Major tourist attractions include Bom Jesus Basilica, Fort Aguada, a wax museum on Indian culture, and a heritage museum. The Churches and Convents of Goa have been declared a World Heritage Site by UNESCO.

As of 2013, Goa was the destination of choice for Indian and foreign tourists, particularly Britons, with limited means who wanted to party. The state was hopeful that changes could be made which would attract a more upscale demographic.

On 24 November 2017, Delta Corp Limited claimed to have set up the first casino game training course centre in India at Goa.

Goa also draws tourists from all over India for its bungee activity, water sports and underwater scuba diving experience.

Beaches 

Goa's beaches cover about  of its coastline.
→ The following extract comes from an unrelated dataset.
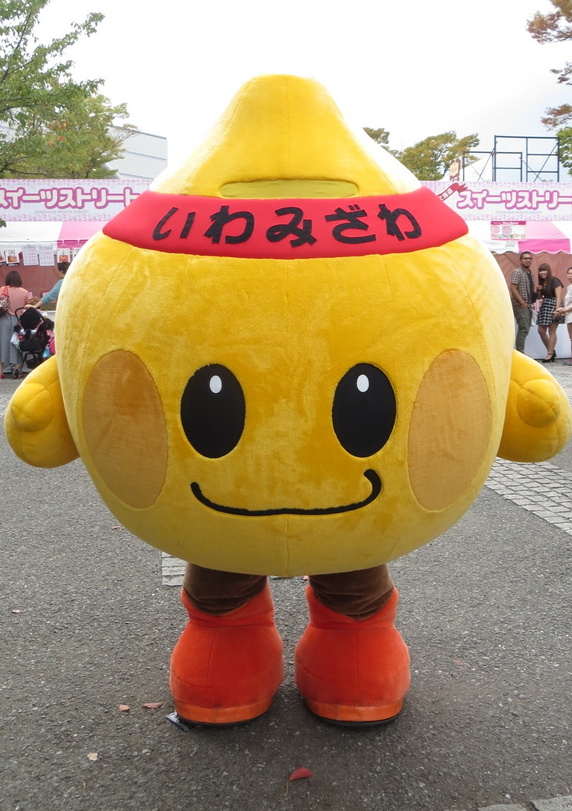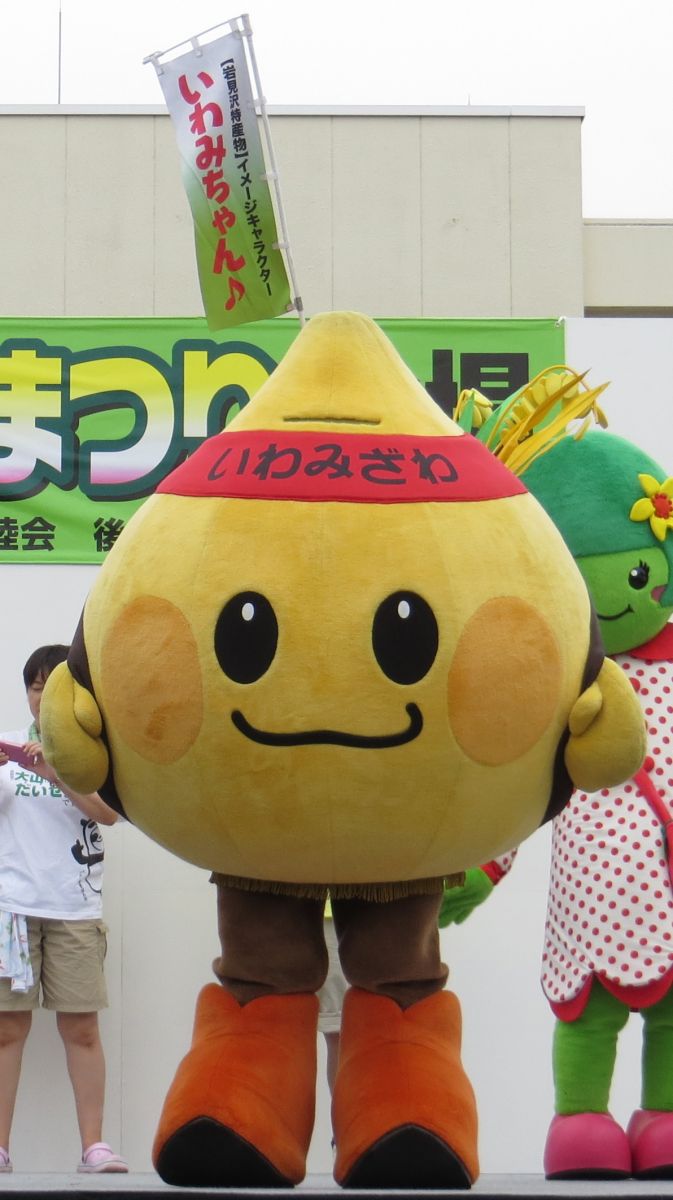 | 平成22年10月3日誕生。 鉢巻を巻いた玉ねぎが大きなかごを背負って日本一の作付面積と収穫量を誇る水稲をPRする姿がいじらしく、鉢巻の「いわみざわ」の文字から「いわみちゃん♪」と名付けられた。 |

These beaches are divided into North and South Goa.

North Goa Beaches 
 Pernem
 Querim Beach,
 Kalacha Beach,
 Arambol Beach,
 Mandrem Beach,
 Ashvem Beach,
 Morjim Beach,

 Bardez
 Chapora Beach,
 Vagator Beach,
 Ozran Beach,
 Anjuna Beach,
 Baga Beach,
 Calangute Beach,
 Candolim Beach,
 Sinquerim Beach,
 Coco Beach,
 Kegdole beach

 Tiswadi
 Miramar Beach,
 Caranzalem Beach,
 Dona Paula Beach,
 Vaiguinim Beach,
 Bambolim Beach,
 Siridao Beach

South Goa Beaches

 Mormugao
 Bogmalo Beach,
 Baina Beach,
 Hansa Beach,
 Hollant Beach,
 Cansaulim Beach,
 Velsao Beach

 Salcete
 Arossim Beach,
 Utorda Beach,
 Majorda Beach,
 Betalbatim Beach,
 Colva Beach,
 Sernabatim Beach,
 Benaulim Beach,
 Varca Beach,
 Cavelossim Beach,
 Mobor Beach,
 Betul Beach

 Quepem
 Canaiguinim Beach

 Canacona
 Cabo de rama Beach,
 Kakolem Beach,
 Dharvalem Beach,
 Cola Beach,
 Agonda Beach,
 Palolem Beach,
 Patnem Beach,
 Rajbag Beach,
 Talpona Beach,
 Galgibag Beach,
 Polem Beach

Sea plane service
The government of Goa conducted trials of a seaplane on the Mandovi river on 23 May 2015. The test plane took off from Dabolim airport and successfully landed in the Mandovi river. The seaplane service had started post-monsoon since 2015.

Wildlife

Bondla Wildlife Sanctuary, Bhagwan Mahaveer Sanctuary and Mollem National Park, Cotigao Wildlife Sanctuary, Mhadei Wildlife Sanctuary and Netravali Wildlife Sanctuary harbour Goa's rich bio-diversity. Foxes, wild boars and migratory birds are also found in the forests of Goa. The avifauna includes kingfishers, mynas and parrots.
The famous Dudhsagar Falls, India's fifth tallest at 310 metres, is located inside Bhagwan Mahaveer Sanctuary at the Goa – Karnataka border.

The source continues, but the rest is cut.